I was also having the problem of the images being written coming out at 0 bytes. Also, regarding creating the layer, you don't need to package up ffmpeg yourself as you can just deploy a pre-made layer from the AWS SAR.
My solution ended up being quite different from that outlined here but your article did get me started; for others still having issues I have written a tutorial on my own blog which documents how I got it working.
Hi Ben,
it was a great article.
I reproduced it using docker and S3. No lambda.
I will use your post to write an article on how to do this in a highly available manner.
Depending on the number of images requested, I generate the requested screenshots.
If the duration of the video = 19 seconds and you request 3 images, that makes (19) / 3 = 7
image 1 = 7,
image 2 = 7 + 7 = 14,
image 3 = 7 + 7 + 7 = 21
Frame 3 is 21 seconds and 21 seconds longer than the video length, it will be skipped and so we generate only frame 1 and frame 2.
To avoid image name conflicts generated on disk, I generate my own file names.
const fileNameOnDisk = Math.floor (1000000000000 + Math.random () * 9000000000000);
When the image is generated and uploaded to AWS, I delete the files from disk asynchronously.
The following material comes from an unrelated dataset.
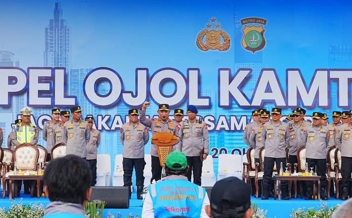 Jakarta IkkeLa32.com (21/10/2025) – Kapolri Jenderal Listyo Sigit Prabowo mengajak komunitas ojek online (ojol) untuk bersinergi menjaga keamanan dan ketertiban masyarakat. Ajakan itu disampaikan saat memimpin Apel Ojol Kamtibmas di kawasan Monas, Jakarta Pusat, Senin (20/10/2025).

I added time markers to detect excessively long executions. We have three important stages:
1- Read the file with ffprobe to get the details of the file, mainly the duration of the video. (maximum 30 seconds)
2- Use ffmpeg to generate the screenshots (maximum 3 seconds per image)
3- Upload the files to s3 (maximum 5 seconds per image)
You should put markers on these three steps and therefore trigger the email log when it exceeds your maximum time.
This allows you to be proactive on all issues.
can you give me your aws lambda ffmpeg ARN number ??